Babalar günü, anneler günü, sevgililer günü hiçbirini sevmiyorum. Birilerine boşluk hissi yaratan hiçbir özel günü sevmiyorum.

Birisi aynen böyle yazmış internette. Tam da ben bir sevgililer gününü daha atlattık sıradaki gelsin derken ve bu konuda yazmalıyım diye beynimde cümleleri dizmeye çalışırken bu iki cümle aslında tüm söylemek istediklerimin özeti olarak karşıma çıkıverdi.

Sevgiliniz bu sene yoksa seneye olur veya geçmişte vardır. İllaki bir gün bugünü kutlayacak biri bulunur. Ya anneniz yoksa? Ya babanızı benim gibi hayalini bile kuramayacak yaşta kaybettiyseniz? İçinizde kocaman bir boşluk zaten hep varken bu boşluk o özel günlerde iyice canınızı acıtmaz mı?

Yıllarca bunu kurup kurup çözdüm, çözdüm zannettim yine kurdum. Hiçbir sonuca ulaşamadım. Hele anne olduktan sonra iyice ikilemde kaldım. Bir yanım anneler-babalar günün reddederken bir yanım oğlumun hatırlayıp beni ne zaman arayacağı veya ufacık da olsa ne alacağı düşünceleriyle yüreğimi pır pır ettirdi.
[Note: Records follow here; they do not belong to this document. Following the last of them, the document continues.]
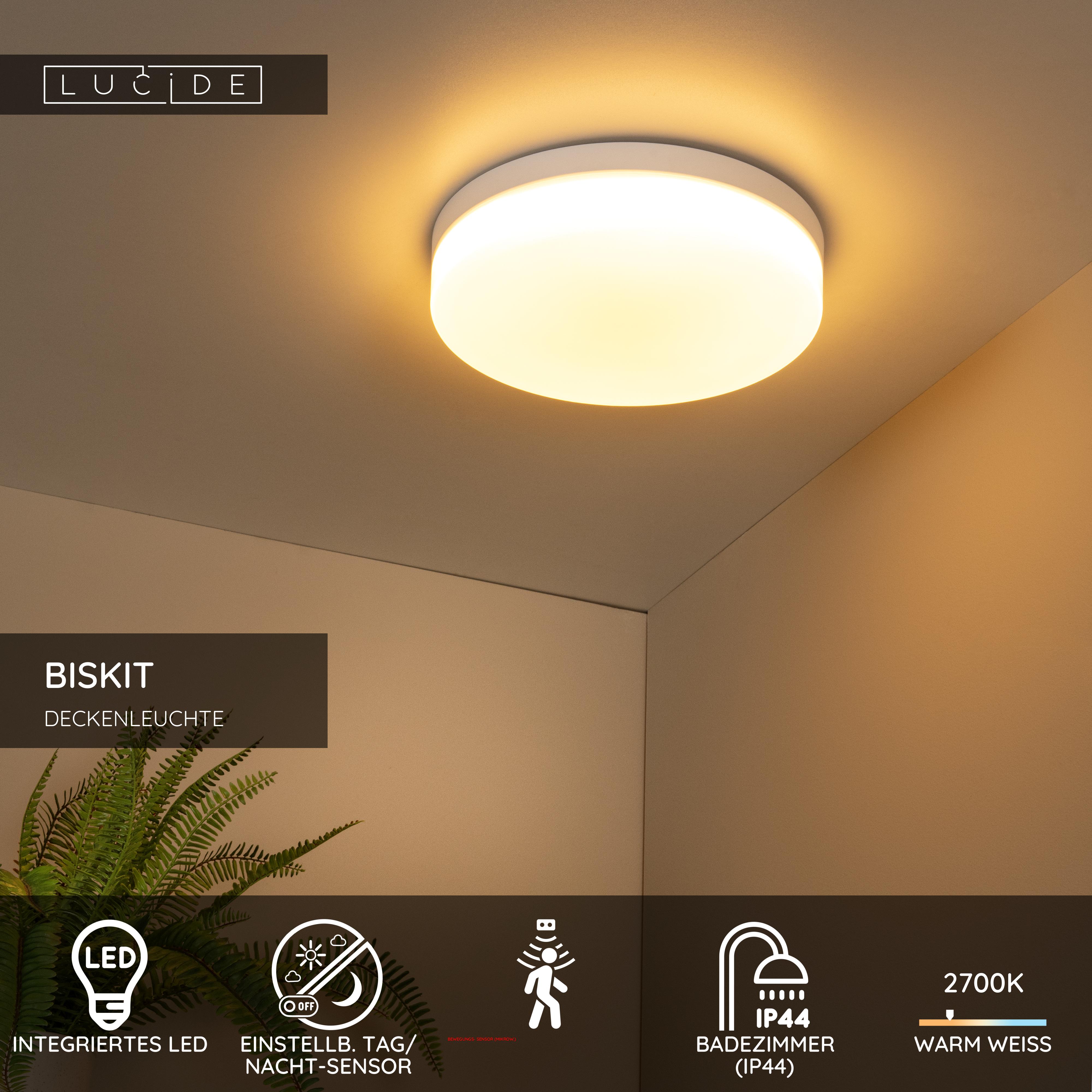 Lucide BISKIT - Deckenleuchte Badezimmer - Ø 34,5 cm - LED - 1x24W 2700K - IP44 - Bewegungssensor - Weiß
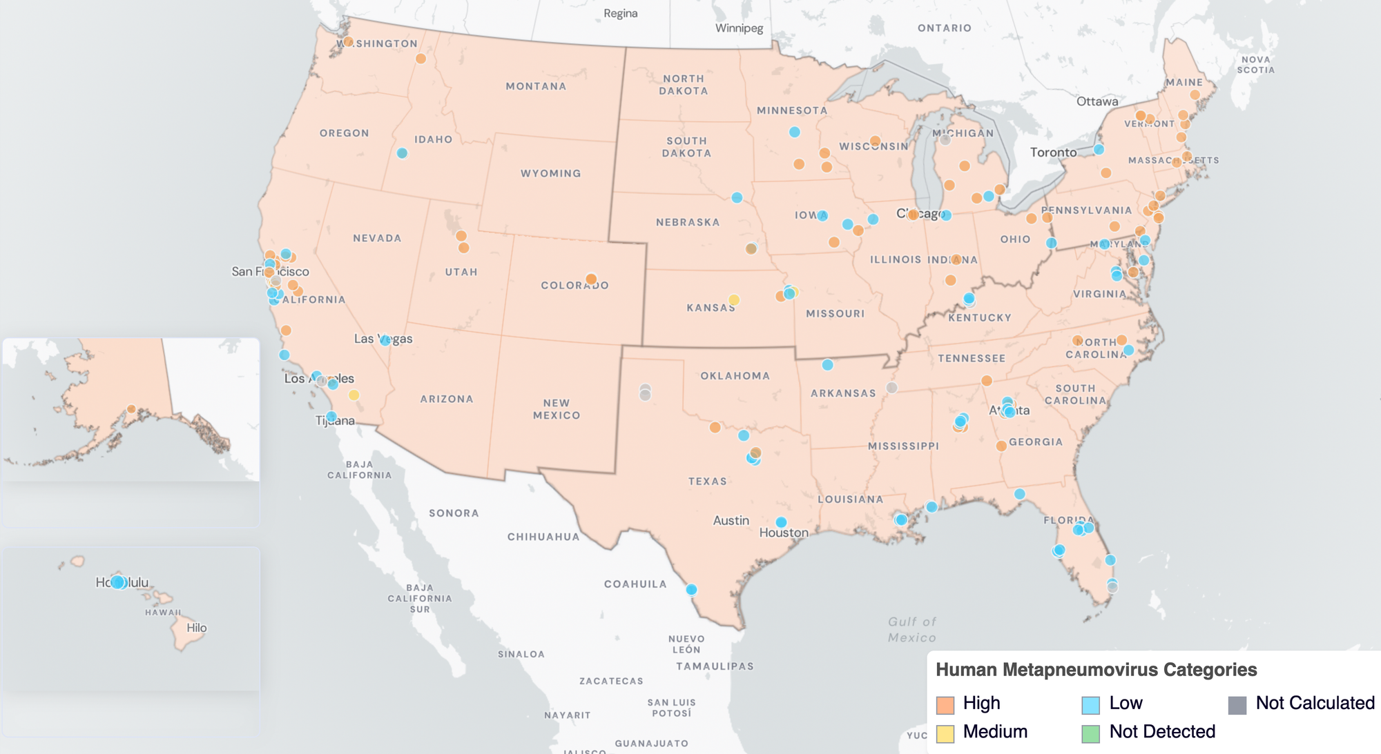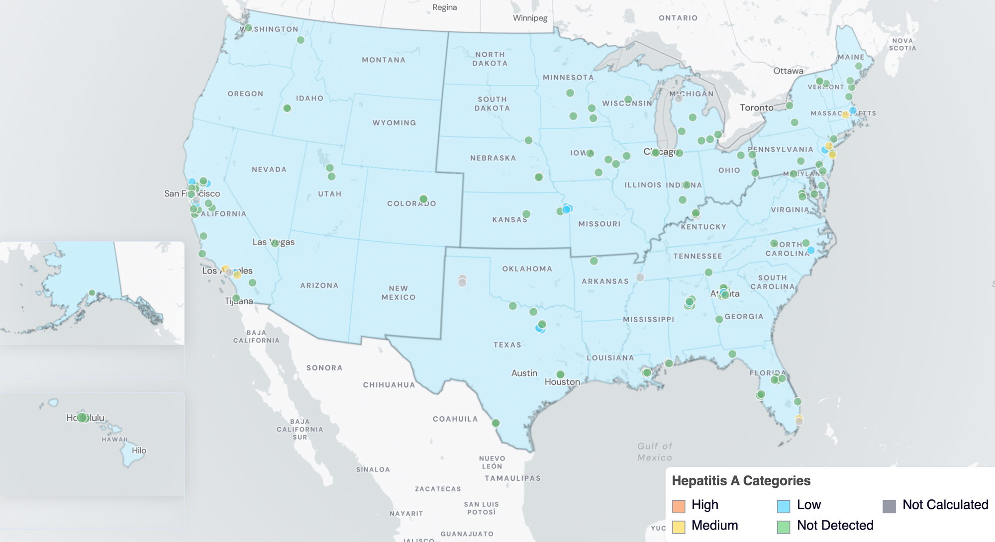 Since monitoring began, 43 sites across 21 states (AK, CA, CO, CT, FL, GA, IA, ID, IL, IN, KS, MD, MI, MN, NE, NJ, NV, NY, TX, UT and VT) have had at least 1 positive detection of MeV in wastewater samples collected. Below is a map of sites with MeV detections in wastewater since prospective monitoring began.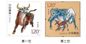 中国邮政于2021年1月5日发行《辛丑年》特种邮票一套2枚,第一枚名为“奋发图强”,第二枚名为“牛年大吉”。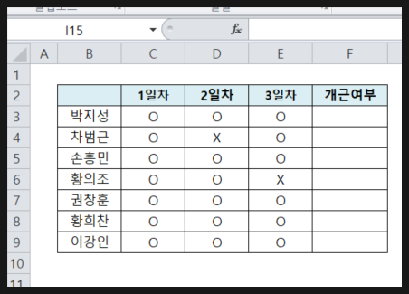 5. 개근일 경우, 개근이 아닐 경우 결과값을 각각 입력해줍니다.

Uzaktayken arayana kadar aramasa da olur diye kendimi avuturken aradığında kendimi “oğlum aradı” diye hava atarken buldum.

E ne diye yazıyorsun o zaman dediğinizi duyar gibiyim. Biliyorum kapitalizmin oyunu bunlar deyip velveleye vermemi bekliyorsunuz. Her gün değer verdiğinizi gösterin diye yazacağımı umuyorsunuz. Ben kutlamıyorum ve sizin de kutlamamanızı tavsiye ediyorum diyeceğim diye düşünüyorsunuz.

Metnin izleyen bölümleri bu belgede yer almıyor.